As noted yesterday, Pete Wells is not a fan of Graydon Carter's The Beatrice Inn: "Lamb porterhouse showered with roasted artichoke leaves was very satisfying once I ignored the grainy, salty sauce of dried black olives around it. So were crisp and fresh fried oysters with smoked char roe, as long as I didn't focus too much on a bitter and blandly sweet citrus purée." Goose egg. [NYT]

Joshua David Stein files on Lafayette this week: "Astute is exactly how I would describe most of the food. Inspired? Not really. But smart and perceptive, certainly. Raclette, a cheese too often confined to blanketing potatoes, ennobles a very good brisket burger at lunch. Muscat grapes, like capers, are used to great effect, as in a perfectly prepared dorade, where they cameo in an update of sauce veronique, or at lunch, where they top little grilled shrimpies and are studded with capers." [The Observer]

Gael Greene files on two relatively new Upper East Side establishments: 83 1/2 and Cocina Economica. On the former: "The service alternates between friendly, effusive and wrong table, but that's forgivable given a lemony caponata, the familiar eggplant stew with pine nuts and raisins to pile on toast, and fricco, parmesan crisps that we're dragging through a thin 'aioli' of Calabrian chili and honey. Only the watery housemade ricotta with pesto disappoints. My friend finds her Sicilian gimlet with homemade limoncello pleasantly refreshing. She gives me a sip. I agree." Ms. Gael not wowed by the Mexcian fare at Cocina Economica. [Insatiable]

2013_4_Lafayette500.jpg[Lafayette by Krieger]

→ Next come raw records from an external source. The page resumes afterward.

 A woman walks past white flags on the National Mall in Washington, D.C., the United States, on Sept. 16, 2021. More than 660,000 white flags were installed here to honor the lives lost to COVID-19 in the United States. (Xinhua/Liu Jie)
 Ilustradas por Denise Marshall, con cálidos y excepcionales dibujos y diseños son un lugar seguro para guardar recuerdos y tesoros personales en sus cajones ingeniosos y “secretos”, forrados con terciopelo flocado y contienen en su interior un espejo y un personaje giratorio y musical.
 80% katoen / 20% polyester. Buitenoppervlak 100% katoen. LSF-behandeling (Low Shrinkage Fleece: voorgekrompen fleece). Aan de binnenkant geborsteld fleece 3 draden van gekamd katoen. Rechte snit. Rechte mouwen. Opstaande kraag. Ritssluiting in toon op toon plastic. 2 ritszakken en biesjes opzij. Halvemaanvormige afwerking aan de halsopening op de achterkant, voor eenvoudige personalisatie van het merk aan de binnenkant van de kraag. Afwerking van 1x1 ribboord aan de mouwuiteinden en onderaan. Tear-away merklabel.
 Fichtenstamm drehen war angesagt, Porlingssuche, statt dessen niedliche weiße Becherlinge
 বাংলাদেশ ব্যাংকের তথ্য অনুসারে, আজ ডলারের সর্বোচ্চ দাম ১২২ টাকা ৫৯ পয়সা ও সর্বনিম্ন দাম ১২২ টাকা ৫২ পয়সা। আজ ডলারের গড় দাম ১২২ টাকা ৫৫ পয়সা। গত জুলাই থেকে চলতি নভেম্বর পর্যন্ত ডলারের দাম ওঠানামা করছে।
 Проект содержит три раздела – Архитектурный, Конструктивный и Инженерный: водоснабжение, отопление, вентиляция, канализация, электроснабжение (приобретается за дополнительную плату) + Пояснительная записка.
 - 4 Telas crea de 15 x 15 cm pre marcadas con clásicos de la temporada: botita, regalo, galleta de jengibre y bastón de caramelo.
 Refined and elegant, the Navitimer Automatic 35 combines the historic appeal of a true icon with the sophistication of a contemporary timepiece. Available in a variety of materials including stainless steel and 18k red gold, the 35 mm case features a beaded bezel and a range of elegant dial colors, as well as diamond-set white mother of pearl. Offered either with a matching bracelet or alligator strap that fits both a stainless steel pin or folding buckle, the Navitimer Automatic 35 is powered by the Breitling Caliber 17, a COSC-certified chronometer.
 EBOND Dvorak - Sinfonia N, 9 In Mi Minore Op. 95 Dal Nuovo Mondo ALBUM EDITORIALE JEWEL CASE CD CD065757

Adam Platt gives two stars to Lafayette: "The small-plate toast dishes popularized by Jean-Georges at ABC Kitchen are called tartines here, and you can get them piled with spoonfuls of opulent duck-liver mousse ($8) or Selles-sur-Cher goat cheese, decked with tomatoes and slivers of fresh radish. My classic beef tartare ($18) was a much better deal than the mealy Hawaiian prawns ($19 with sauce verte), but if you're in the mood for serious feed, begin your dinner with the lardon-rich salad frisée, which is served on a plate the size of a small hubcap." [GS/NYM]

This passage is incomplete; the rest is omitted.